Compilation album by Die Ärzte
- Released: 21 October 1987
- Recorded: 1984–1987
- Genre: Punk rock
- Length: 21:11
- Label: CBS Schallplatten
- Producer: Die Ärzte (tracks 1, 3–7) Manne Praeker (track 2)

Die Ärzte chronology
| Ist das alles? (13 Höhepunkte mit den Ärzten) (1987) | Ab 18 (1987) | Das ist nicht die ganze Wahrheit... (1988) |

= Ab 18 =

Ab 18 [Over 18] is the sixth album by German rock band Die Ärzte. It is an EP compilation of which three songs were put in the German List of Media Harmful to Young People. The album was banned in Germany on 10 December that same year. The banned songs were, at the time, "Geschwisterliebe", "Claudia hat 'nen Schäferhund" and "Schlaflied". As of 2022, only "Geschwisterliebe" is still banned and Streaming Services like Spotify offer the album to German Users in a censored version that omits that song.

==Background==
Ab 18 includes, among other things, the songs "Geschwisterliebe" and "Claudia hat 'nen Schäferhund" which were indexed at the time of the release of the album and "Schlaflied". Another previously released song on the record was "Sweet Sweet Gwendoline", which already appeared on Die Ärzte and was not indexed.
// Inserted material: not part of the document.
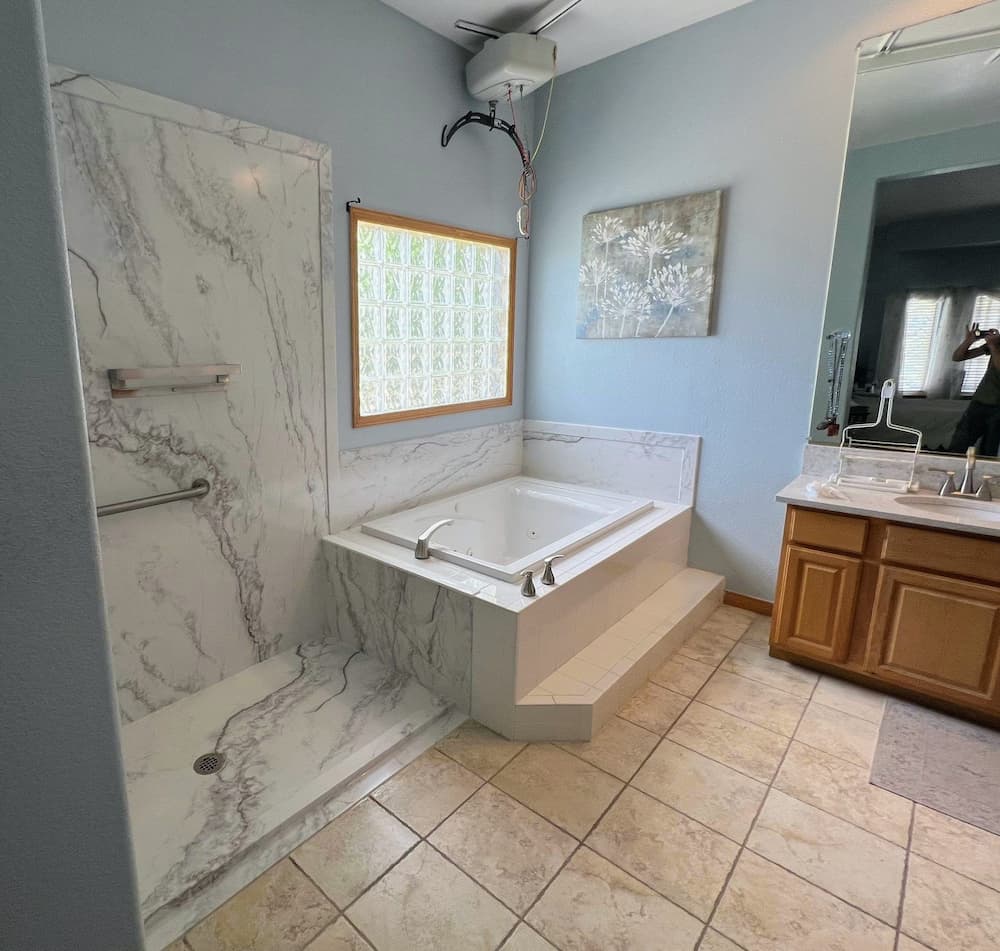 A full remodel with MyBath Colorado can include a new shower or bathtub, along with waterproof flooring, upgraded vanities, and new lighting. We don’t do drywall and paint, though we will recommend trusted contractors who specialize in those finishing touches. Our full remodels reflect beautiful and functional updates that make your space more efficient and enjoyable.

However, it was controversial because of the glorification of sadomasochism. New songs include "Sie kratzt, sie stinkt sie klebt" and "Claudia II", the sequel to "Claudia hat nen Schäferhund". Another song was "Helmut K.", which claimed that Helmut Kohl tyrannized his wife and about which it was later falsely stated that it had been banned in Bavaria. After the suicide of Hannelore Kohl In 2001, Die Ärzte distanced themselves from the song "Helmut K." and no longer played it for a few years at their concerts until it was taken back into the set on 29 December 2006 at the concert in SO36 in Berlin.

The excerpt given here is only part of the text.